START Recorded data

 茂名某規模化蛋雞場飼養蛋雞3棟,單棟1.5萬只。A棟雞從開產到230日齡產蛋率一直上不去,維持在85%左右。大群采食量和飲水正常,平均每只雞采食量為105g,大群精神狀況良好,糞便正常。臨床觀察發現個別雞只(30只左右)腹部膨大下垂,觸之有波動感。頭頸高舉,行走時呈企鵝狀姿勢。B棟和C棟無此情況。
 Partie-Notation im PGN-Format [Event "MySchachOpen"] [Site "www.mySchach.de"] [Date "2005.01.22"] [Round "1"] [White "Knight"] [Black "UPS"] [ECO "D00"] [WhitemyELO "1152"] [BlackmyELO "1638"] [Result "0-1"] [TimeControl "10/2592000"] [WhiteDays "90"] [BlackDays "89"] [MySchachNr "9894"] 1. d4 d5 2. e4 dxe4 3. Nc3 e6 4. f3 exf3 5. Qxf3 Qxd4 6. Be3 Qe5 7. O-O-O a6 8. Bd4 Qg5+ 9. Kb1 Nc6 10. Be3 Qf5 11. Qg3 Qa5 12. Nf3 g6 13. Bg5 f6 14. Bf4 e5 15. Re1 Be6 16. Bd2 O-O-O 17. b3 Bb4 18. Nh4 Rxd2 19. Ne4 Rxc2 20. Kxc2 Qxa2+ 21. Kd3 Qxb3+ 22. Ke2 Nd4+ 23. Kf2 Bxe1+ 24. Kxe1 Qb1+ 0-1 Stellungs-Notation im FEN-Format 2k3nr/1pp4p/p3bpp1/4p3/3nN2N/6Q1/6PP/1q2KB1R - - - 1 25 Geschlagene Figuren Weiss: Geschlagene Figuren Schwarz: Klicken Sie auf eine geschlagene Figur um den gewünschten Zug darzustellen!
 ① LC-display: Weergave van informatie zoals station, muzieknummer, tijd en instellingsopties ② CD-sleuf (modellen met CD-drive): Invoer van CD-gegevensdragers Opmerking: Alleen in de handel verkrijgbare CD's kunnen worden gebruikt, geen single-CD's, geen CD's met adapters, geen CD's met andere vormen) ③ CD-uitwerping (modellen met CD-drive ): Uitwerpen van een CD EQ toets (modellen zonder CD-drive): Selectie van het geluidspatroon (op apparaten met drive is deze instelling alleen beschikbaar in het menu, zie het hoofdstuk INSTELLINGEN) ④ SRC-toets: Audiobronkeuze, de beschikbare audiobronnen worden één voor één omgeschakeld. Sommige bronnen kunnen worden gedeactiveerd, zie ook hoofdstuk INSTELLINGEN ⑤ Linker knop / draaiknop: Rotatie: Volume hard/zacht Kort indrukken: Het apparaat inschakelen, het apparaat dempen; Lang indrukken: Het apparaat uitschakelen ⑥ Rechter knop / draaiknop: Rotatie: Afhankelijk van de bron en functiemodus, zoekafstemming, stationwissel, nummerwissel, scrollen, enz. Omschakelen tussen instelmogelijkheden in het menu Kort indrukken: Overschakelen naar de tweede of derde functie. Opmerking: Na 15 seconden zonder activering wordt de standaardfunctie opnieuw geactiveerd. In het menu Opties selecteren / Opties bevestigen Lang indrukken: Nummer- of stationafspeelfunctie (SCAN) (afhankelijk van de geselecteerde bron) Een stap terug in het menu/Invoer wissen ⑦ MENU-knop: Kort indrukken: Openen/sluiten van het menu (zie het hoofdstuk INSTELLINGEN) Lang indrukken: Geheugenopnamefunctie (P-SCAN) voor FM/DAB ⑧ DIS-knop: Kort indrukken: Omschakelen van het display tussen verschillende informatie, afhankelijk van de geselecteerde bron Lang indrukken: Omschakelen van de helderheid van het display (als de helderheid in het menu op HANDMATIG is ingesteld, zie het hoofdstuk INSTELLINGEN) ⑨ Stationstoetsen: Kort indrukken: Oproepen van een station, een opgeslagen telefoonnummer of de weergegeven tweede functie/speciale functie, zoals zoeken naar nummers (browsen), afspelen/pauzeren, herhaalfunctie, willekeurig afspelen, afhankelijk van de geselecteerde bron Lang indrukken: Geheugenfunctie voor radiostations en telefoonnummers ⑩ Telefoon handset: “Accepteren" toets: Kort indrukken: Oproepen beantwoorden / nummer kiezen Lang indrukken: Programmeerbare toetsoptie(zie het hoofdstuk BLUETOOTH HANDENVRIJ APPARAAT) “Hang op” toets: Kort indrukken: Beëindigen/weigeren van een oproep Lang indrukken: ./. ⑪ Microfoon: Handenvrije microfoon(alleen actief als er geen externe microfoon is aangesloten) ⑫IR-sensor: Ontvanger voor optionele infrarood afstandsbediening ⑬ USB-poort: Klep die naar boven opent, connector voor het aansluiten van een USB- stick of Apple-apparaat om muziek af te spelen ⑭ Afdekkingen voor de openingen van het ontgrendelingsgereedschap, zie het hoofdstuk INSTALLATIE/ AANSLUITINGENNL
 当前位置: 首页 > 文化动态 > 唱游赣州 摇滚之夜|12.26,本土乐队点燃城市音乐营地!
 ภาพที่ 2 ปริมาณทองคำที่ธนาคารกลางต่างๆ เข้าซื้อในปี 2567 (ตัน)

END Recorded data
START Recorded data

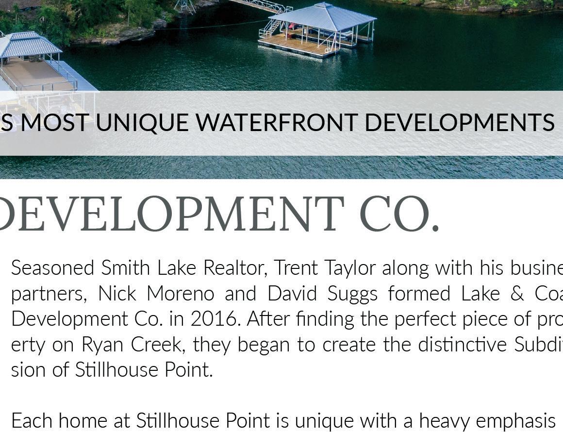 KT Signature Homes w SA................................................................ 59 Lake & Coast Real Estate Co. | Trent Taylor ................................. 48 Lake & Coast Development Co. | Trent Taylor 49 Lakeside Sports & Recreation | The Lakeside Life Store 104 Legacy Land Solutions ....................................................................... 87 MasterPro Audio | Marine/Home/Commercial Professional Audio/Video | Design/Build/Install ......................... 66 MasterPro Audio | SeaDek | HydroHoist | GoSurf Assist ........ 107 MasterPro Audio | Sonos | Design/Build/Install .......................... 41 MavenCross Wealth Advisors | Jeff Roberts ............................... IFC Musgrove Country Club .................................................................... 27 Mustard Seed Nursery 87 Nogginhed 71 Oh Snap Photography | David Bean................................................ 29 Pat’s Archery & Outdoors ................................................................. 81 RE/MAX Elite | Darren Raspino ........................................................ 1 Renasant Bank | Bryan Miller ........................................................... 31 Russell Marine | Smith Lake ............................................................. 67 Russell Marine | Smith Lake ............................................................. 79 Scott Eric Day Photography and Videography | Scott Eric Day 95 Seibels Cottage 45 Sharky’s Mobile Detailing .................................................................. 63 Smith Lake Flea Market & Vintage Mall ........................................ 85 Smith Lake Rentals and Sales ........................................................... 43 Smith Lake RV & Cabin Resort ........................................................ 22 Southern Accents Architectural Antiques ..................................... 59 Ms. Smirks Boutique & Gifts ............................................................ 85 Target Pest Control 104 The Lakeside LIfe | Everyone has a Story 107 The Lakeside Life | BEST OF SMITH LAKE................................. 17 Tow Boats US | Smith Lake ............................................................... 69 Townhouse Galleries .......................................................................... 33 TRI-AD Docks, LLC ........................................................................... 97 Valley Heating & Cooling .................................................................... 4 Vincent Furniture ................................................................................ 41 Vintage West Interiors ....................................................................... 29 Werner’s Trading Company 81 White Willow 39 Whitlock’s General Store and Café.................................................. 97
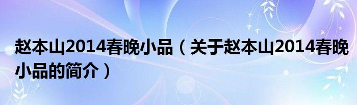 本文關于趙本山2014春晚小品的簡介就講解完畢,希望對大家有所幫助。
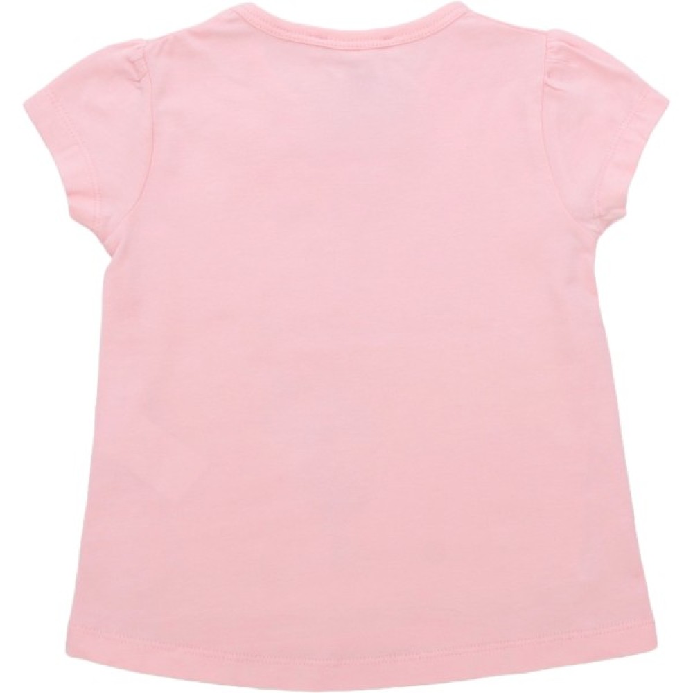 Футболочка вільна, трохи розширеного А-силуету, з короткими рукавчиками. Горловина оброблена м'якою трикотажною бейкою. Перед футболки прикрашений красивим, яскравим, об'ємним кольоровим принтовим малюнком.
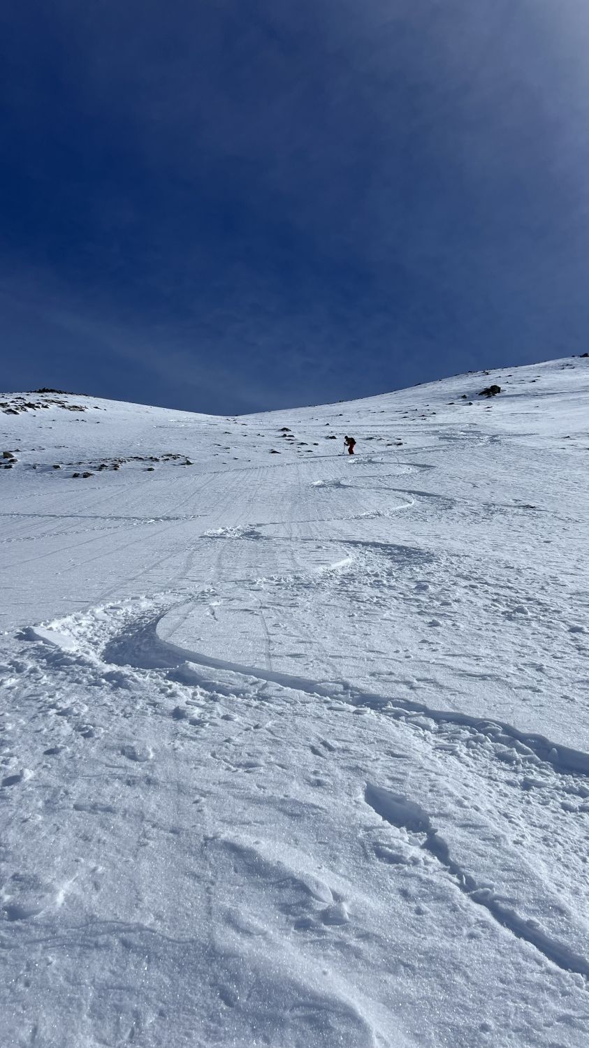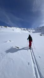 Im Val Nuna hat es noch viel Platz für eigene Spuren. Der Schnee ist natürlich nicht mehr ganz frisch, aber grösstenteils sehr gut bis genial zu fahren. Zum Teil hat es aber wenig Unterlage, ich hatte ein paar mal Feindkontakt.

END Recorded data

▶ **What you should do**: Once the line with "本文關于趙本山2014春晚小品的簡介就講解完畢,希望對大家有所幫助。" is found above, print it and every line after it through the line with "Im Val Nuna", exactly. Pictures stay out.

▶ **Final answer**:
 本文關于趙本山2014春晚小品的簡介就講解完畢,希望對大家有所幫助。
 Футболочка вільна, трохи розширеного А-силуету, з короткими рукавчиками. Горловина оброблена м'якою трикотажною бейкою. Перед футболки прикрашений красивим, яскравим, об'ємним кольоровим принтовим малюнком.
 Im Val Nuna hat es noch viel Platz für eigene Spuren. Der Schnee ist natürlich nicht mehr ganz frisch, aber grösstenteils sehr gut bis genial zu fahren. Zum Teil hat es aber wenig Unterlage, ich hatte ein paar mal Feindkontakt.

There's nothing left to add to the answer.